Making graphs with numbers comes very naturally to me, and I find it very easy to read a graph. But I observe when we go walking that I’m much happier reading an OS map than my wife who prefers words in a guide book – so I’m not sure everyone reads a graph in the way I do. Perhaps you’d like to comment?

So in the graph above, time runs along the bottom axis from left to right, the gas used in a week runs in the vertical direction. The mountainous bits are the winters, when the central heating is switched on. The relatively flat bits in between are the summers. First thing that strikes you is that the amount of gas used for central heating in the winter is huge (about ten times more) compared to the amount used just to heat water, during the summer. The solar panel was installed in September 2008 (almost a year ago),  over the winter it probably had relatively little effect, although looking at the raw numbers gas usage over Winter 2008/09 was about 20% lower than Winter 2007/8 despite this year being a colder winter. This is probably due to the improved insulation installed at the same time, we went from about 10cm thickness to about 25cm thickness. In the summer the reduction in gas usage is pretty large – down by 55%. Through this summer you can see that the gas usage drops gently to a minimum around June, this is due to the increasing height of the sun in the sky and the lengthening day.

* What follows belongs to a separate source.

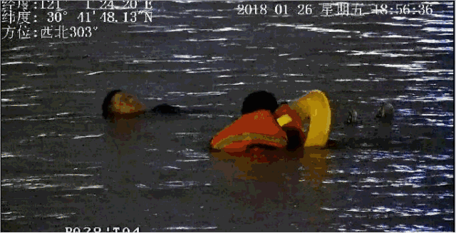 袁晓骏是个90后的小伙子,年轻力壮,第一个游到了男子的身边,一把抱住他,并用救生绳将他绑住,此时,这名男子已经体力不支,身体也开始侧翻过来。
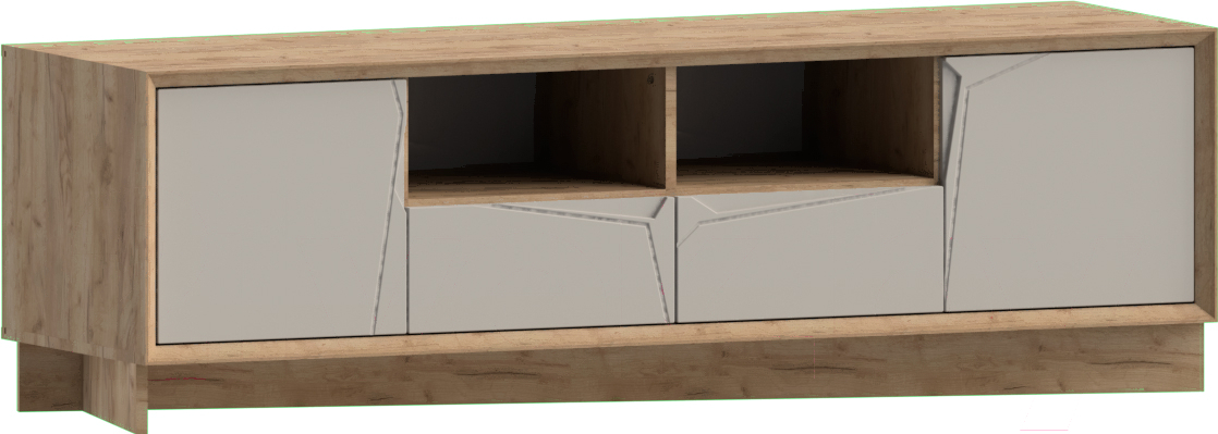 Тумба WellMaker Куб ТВн-200 (техас/кварцевый); Материал фасада: ЛМДФ; Материал каркаса: ЛДСП; Ящики: 4 шт; Полки: 2 шт; Высота: 56.8 см; Ширина: 183.2 см; Глубина: 52.8 см

Was the panel worth it? Well, it is quite exciting seeing your water getting heated for “free”, and during the summer months (even a relatively poor summer) we used a lot less gas. In financial terms the payback time for us is very long, although with a larger household and larger hot water tank the pay-off time would be reasonable (i.e. <10 years). Personally, I think the financial argument is missing the point, if we only change our behaviour for short term financial benefit we will all steam, gently over the next 100 years or so.